Detective Pikachu Review
For 22 years we have been training to be the very best like no one ever was, but, what is instantly refreshing about Detective Pikachu, is that we can see what life is like in the world of Pokémon for those that don’t choose to chase a dream to become a Champion.
The spin-off games have had us battling it out in arenas, exploring randomly generated dungeons, unifying the 17 kingdoms of the Ransei region, and even hunting for Pokémon in the real world, but this marks the first time that we have ever had the chance to play an adventure game that’s been set in the pocket monster universe.
It has been two months since 18-year-old university student Tim Goodman’s dad disappeared while looking into Pokémon-related incidents, and, understandably concerned about his whereabouts, Tim arrives in Ryme City to start searching for clues. Before even having the chance to check in at the Baker Detective Agency where his dad had worked as a private investigator, Tim becomes distracted when he witnesses some mischievous Aipom stealing a young girl’s necklace and tries to unsuccessfully intervene – a situation that results in Tim accidentally finding himself holding Pikachu by his ears.
This chance encounter signals much of what is to come, the Nintendo 3DS exclusive, which had once begun life as an episodic release on the Nintendo eShop in Japan, being a hugely charming experience that is packed with as many puns as it is with gripping drama and more heartfelt moments. It won’t come as a surprise that Pikachu constantly steals the spotlight – the gruffly-voiced, wise-cracking, and coffee-glugging electric mouse delivering the best lines as you crack the game’s nine cases that bring you ever closer to the truth behind your dad’s disappearance.
Only you, having taken on the role as Tim, can understand what Pikachu is saying, lending enough room to cram endless mirth into the script to the point that I’m no longer surprised that a live-action movie is in the works. On that point, it won’t come as a surprise that, as an adventure game, Detective Pikachu is a dialogue-heavy, story-driven experience. As you progress from chapter to chapter what the game asks of you never really changes, in that you will interview witnesses to pick up clues from their testimony, overcome the odd quick time event here and there, and start to piece everything together in your case notes.
The clues that have been left behind will lead you to become trapped in Litwick Cave, to uncover a dark secret at the Pokémon Comprehensive Laboratory, to lift the fog that has suddenly covered Cappucci Island, and to explore a rundown amusement park that plays home to Pokémon that the world has forgotten about, and there is more than enough variation in the locations that you will find yourself wandering around. That, thanks to Pikachu’s help, you can understand both humans and Pokémon alike, means that interacting with the many pocket monsters soon becomes an entertaining highlight – with each being portrayed with their own quirky personalities and behaviour.
There isn’t any tremendous challenge to be found in the game’s puzzles, which the relative simplicity is perhaps to be expected given the wider demographic that the brand readily attracts, even if it still comes as a disappointment. These moments are interspersed in each case, and, as you start to unravel the larger mystery that you have been confronted with, will lead to Pikachu being struck with “A bolt of brilliance!” before you gather everyone together to out the culprit’s identity.

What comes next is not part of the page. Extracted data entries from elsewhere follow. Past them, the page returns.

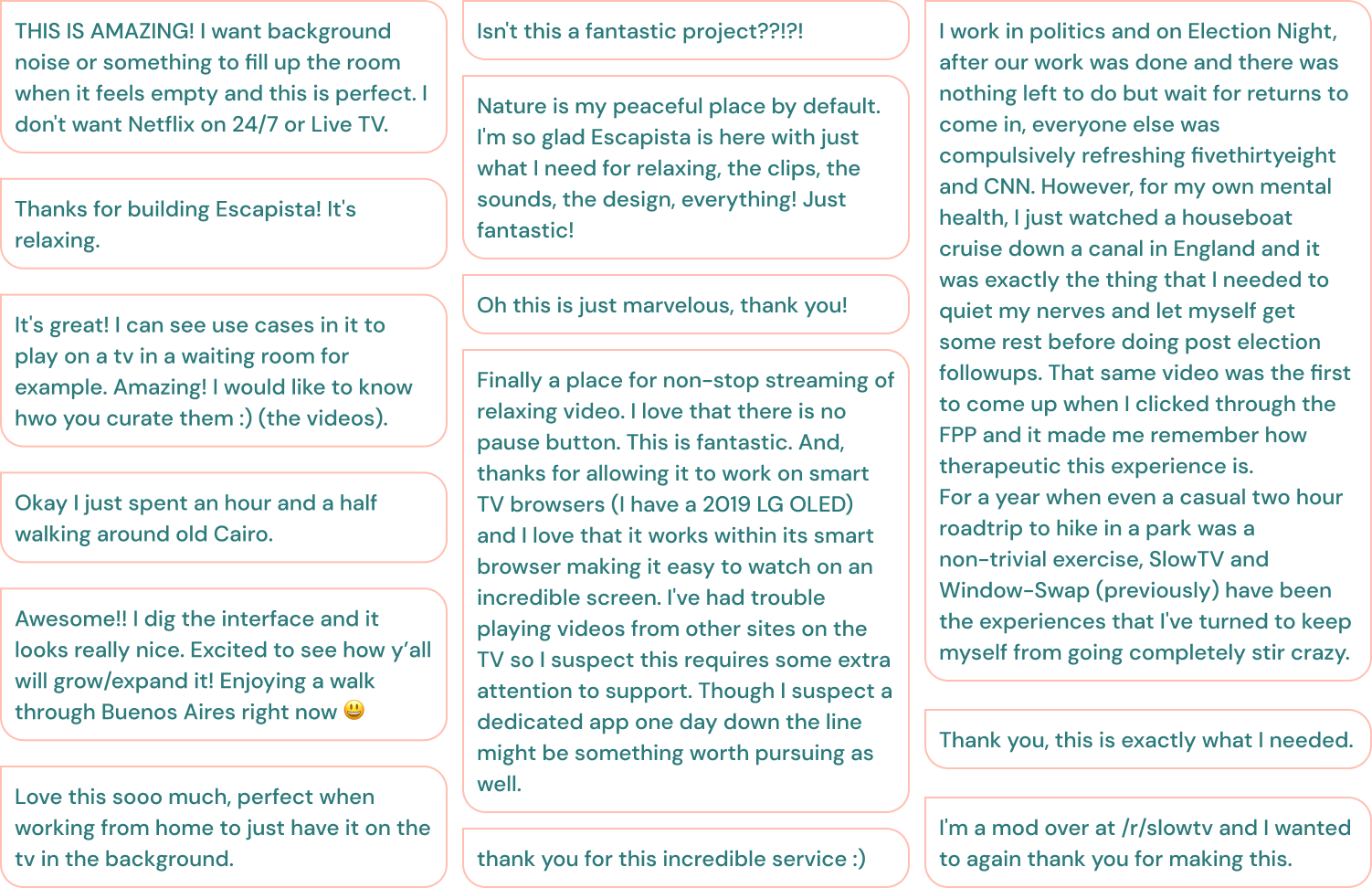 This project was co-created with the Reddit Slow TV community, where we understood the whys and hows of those users. We posted a survey asking people to help me build this app.
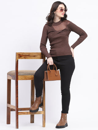 Madame Shimmery Mock Neck Wrap Brown Sweater
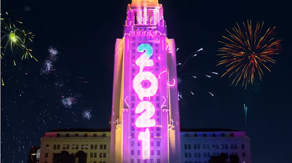 Los Angeles rang in 2021 last night with a festive celebration, minus a live audience, at Grand Park in Los Angeles. The one-hour, forty-five-minute show called “NYELA” features music from popular local artists, comments from Los Angeles County residents, and a grand countdown to 2021.
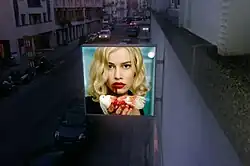 Grimonprez made his international debut on the art circuit at the documenta X in Kassel with his Dial H-I-S-T-O-R-Y in 1997.[57] Ten years later, the first retrospective of his work, Johan Grimonprez - Retrospective 1992–2007, was exhibited at the Pinakothek der Moderne in Munich, 2007.[58] It's a Poor Sort of Memory that Only Works Backwards followed as the first large-scale retroperspective of Grimonprez in his home country, Belgium, in the Stedelijk Museum voor Actuele Kunst (SMAK) in Ghent, 2011–2012.[59] Artforum described the exhibition as "an unfamiliar archive [...] from the perception of fragments to the awareness of a common mentality, from the multiplicity of words to the emergence of a discourse".[60] Several artists, among Roy Villevoy, Jan Dietvorst and Adam Curtis, were invited to contribute to this exhibition. A prominent aspect in Grimonprez's work is the sky: "a canvas on which man has always projected his mystical aspirations, his political and economic struggles, and his poetic imaginings. They abstract spaces into which the very real histories of contemporary societies are woven".[60] According to Artforum, the critical dimension of Grimonprez's work follows close behind the "aesthetic of disaster and terror and the virtues of channel surfing in order to plunge the viewer into a state of genuine fascination".[60] Using repetition and delay, Grimonprez works towards a second glance; a double take - just like his feature-length film Double Take (2009), and "the state of confusion in which we are kept by the media machine".[60] Artforum states that Grimonprez "does not harangue us with denunciations but rather suggests that we reconsider the short circuits of this machine, of which we briefly catch glimpses".[60] It's a Poor Sort of Memory that Only Works Backwards also exhibited at the Blaffer Art Museum in Houston, 2011[61] and the retrospective Johan Grimonprez exhibited in The Fruitmarket Gallery in Edinburgh, 2010.[62][63]
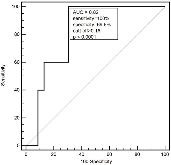 Before the commencement of RT (week I), expression level of miR-5682 allowed to distinguish between patients demonstrating simultaneous presence of SGA-C score and plasma albumin concentration <3.2 g/dL and other LC individuals with 100% sensitivity and 69.6% specificity (AUC = 0.820; cut-off > 0.16; p < 0.0001) (Figure 1).
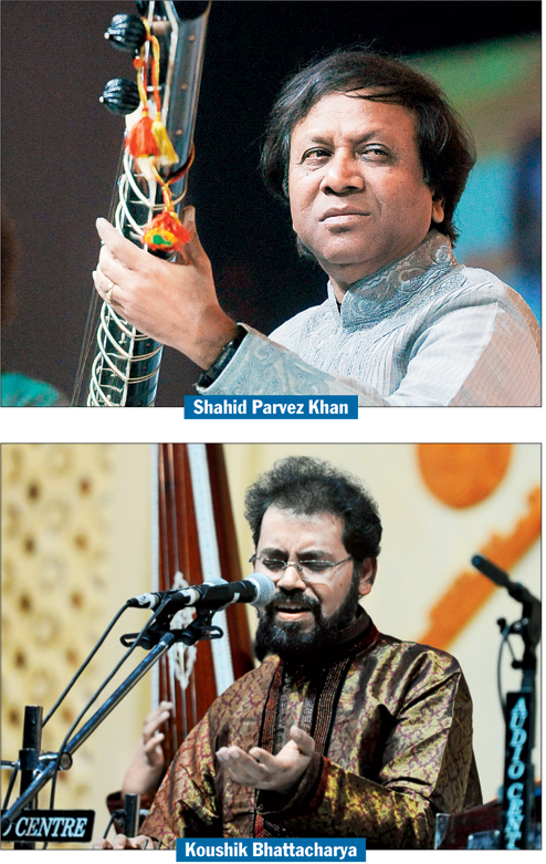 Artistes on the opening night of the 62nd edition of The Dover Lane Music Conference, presented by Desh, at Nazrul Mancha on Wednesday. Pictures by Sanjoy Chattopadhyaya
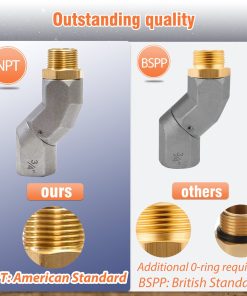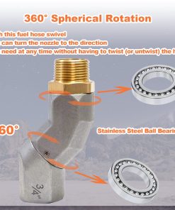 4. NPT El giro de combustible es NPT (Estándar Americano) y es tan fácil de instalar que puedes instalarlo para satisfacer los productos macho y hembra de 3/4 de pulgada. Donde necesites marcar una manguera o asegurarte de que no se enrolle, solo agrega uno de estos giros y no tendrás que luchar más con la manguera.

But, the problem that Detective Pikachu soon trips over is the same criticism that many have directed at the long-running Ace Attorney series, in that the linearity in design means that you must tick everything off an invisible checklist before the game will let you continue. There could be one clue that you have overlooked somewhere, whether that be an item or a missed conversation option, that holds you up despite knowing the solution and wanting to move on.
The Pika Prompts were a way to get around this, which allow the player to turn to Pikachu for pointers on what to do next. But, this system is partly crippled because it’s also how the developer continues to breathe more life into the character with quirky cutscenes. When you really need help to continue, more often than not you will see Pikachu teasing Fennekin, competing to shout louder than Loudred, or being aghast at what is under Mimikyu’s cloth. These lighthearted moments are part of the game’s charm, for sure, but it’s hard to be entertained in places where you are scorning the lack of direction.
Even with that irritation though, it’s hard not to be astounded at Detective Pikachu’s spectacular production values. It easily ranks as one of the best looking games on the Nintendo 3DS whether that be in its art direction or animation, and the voice cast, which stars Kaiji Tang (Pikachu), Khoi Dao (Tim), and Kira Buckland (Emilia) among others, have recorded faultless performances that really help to bring the whole adventure to life.
His lightning-quick powers of deduction and obsession with gulping down coffee blends from High Hat Café aside, the greatest praise that I can throw at Detective Pikachu is how it always felt like you were really working alongside the electric mouse. And, as we cracked our last case, I can only hope that this is only the start of our adventures together.